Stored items
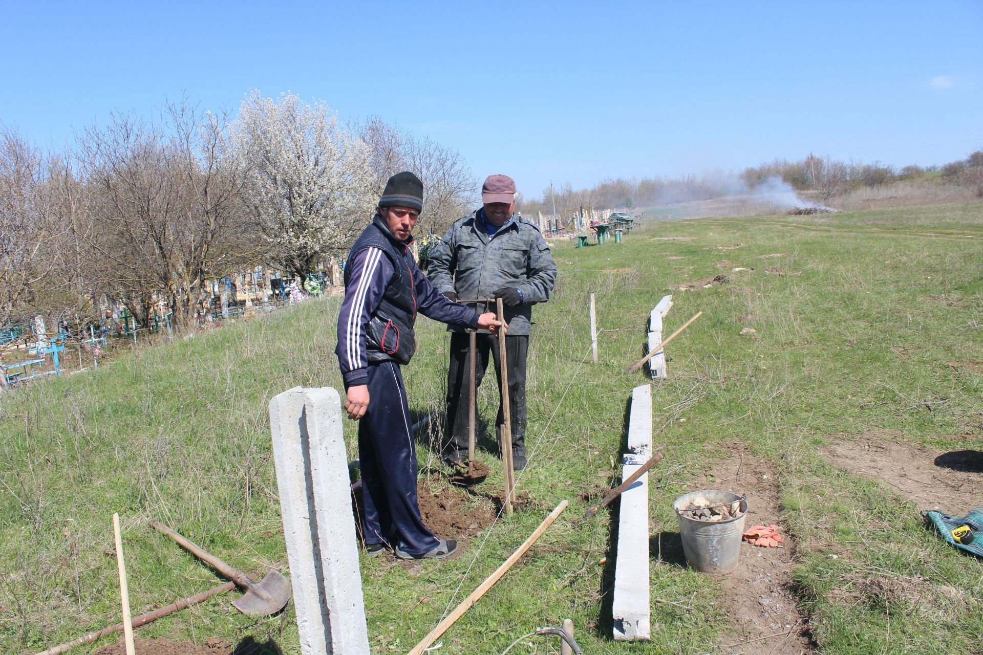 За якихось п’ятнадцять хвилин по битому шляху машина звертає на грунтівку, що веде до кладовища.Там робочі якраз встановлюють бетонний паркан навколо цвинтаря.
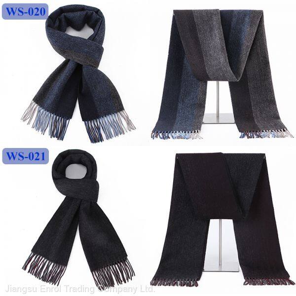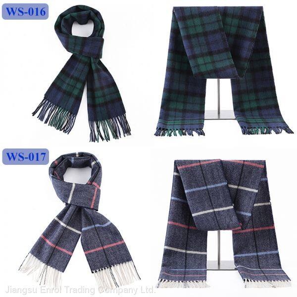 100% Lamb Scarf Strip Solid Plaid Wool Scarf for Men Winter Accessories
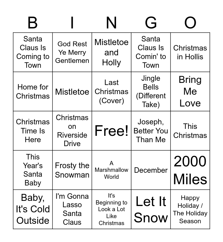 This bingo card has a free space and 50 words: December Song (I Dreamed of Christmas), Happy Holiday / The Holiday Season, Christmas Isn't Canceled (Just You), It's Beginning to Look a Lot Like Christmas, Frosty the Snowman, Merry Christmas Darling, God Rest Ye Merry Gentlemen, I'll Be Home for Christmas, Home for Christmas, Christmas Tree Farm, Mistletoe, Santa Claus Is Comin' to Town, 2000 Miles, December, Twelve Days of Christmas, This Christmas, Last Christmas (Cover), Joseph, Better You Than Me, Christmas in the Sand, Christmas in Hollis, Christmas on Riverside Drive, Let It Snow, Santa Claus Is Coming to Town, Jingle Bells (Different Take), Little Saint Nick, Linus and Lucy (Theme), Bring Me Love, Like It's Christmas, Mistletoe and Holly, A Marshmallow World, Mary, Did You Know?, O Holy Night, Deck the Halls (Different Version), The Christmas Song (Chestnuts Roasting), I'm Gonna Lasso Santa Claus, Frosty the Snowman (Different Version), Santa Claus Goes Straight To The Ghetto, Do They Know It's Christmas? (Cover), Santa Baby (Different Version), This Christmas, Shake Up Christmas, White Christmas (Different Version), Merry Christmas Baby (Different Version), Christmas Tree, Baby, It's Cold Outside, Christmas Time Is Here, Santa Claus Is Back In Town, Put a Little Love in Your Heart, This Year's Santa Baby and Give Love on Christmas Day.
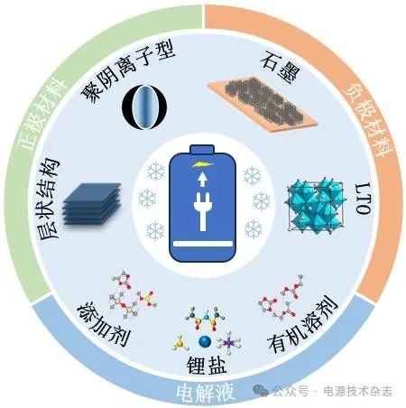 在低溫環(huán)境下,電解液電導(dǎo)率急劇下降,去溶劑化能增加,Li+在界面(SEI/CEI、活性材料)處的擴(kuò)散受阻,電荷轉(zhuǎn)移速率緩慢,導(dǎo)致LIBs的容量和壽命快速衰減。因此,寬溫域電解液研制、電極材料改性或電池結(jié)構(gòu)設(shè)計(jì)等是推動(dòng)低溫LIBs應(yīng)用的關(guān)鍵。針對(duì)上述問(wèn)題,目前,主要從電極材料改性和結(jié)構(gòu)設(shè)計(jì)以及調(diào)整溶劑、鋰鹽和添加劑等電解液組分來(lái)改善LIBs的低溫性能。
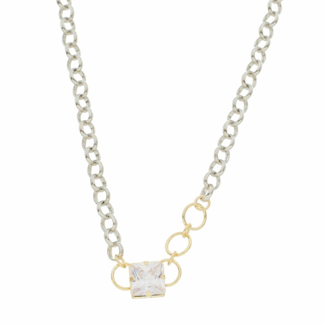 "A choker Ester é confeccionada numa corrente de elos português, fecho tipo lagosta, extensor e é folheada em ródio branco e um pingente quadrado fixo de zircônia na cor cristal folheado a ouro 18k.
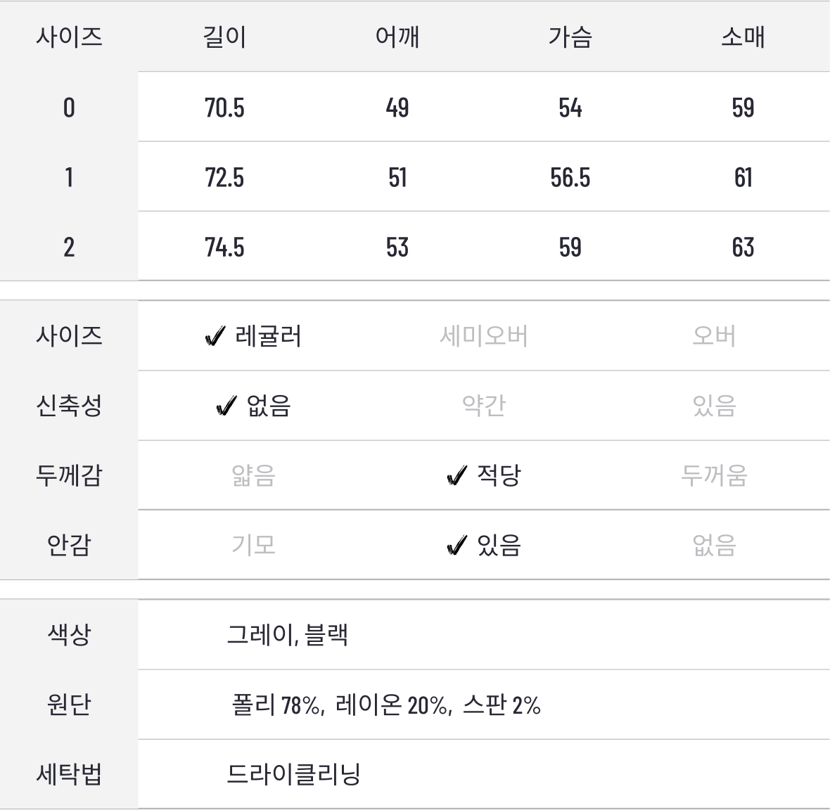 원 단 폴리 78%, 레이온 20%, 스판 2%

**EXERCISE OBJECTIVE:** Take the lines from the first line of the entries through the line with "100% Lamb Scarf", inclusive, and give them again exactly, minus any pictures.

**RESULT:**
 За якихось п’ятнадцять хвилин по битому шляху машина звертає на грунтівку, що веде до кладовища.Там робочі якраз встановлюють бетонний паркан навколо цвинтаря.
 100% Lamb Scarf Strip Solid Plaid Wool Scarf for Men Winter Accessories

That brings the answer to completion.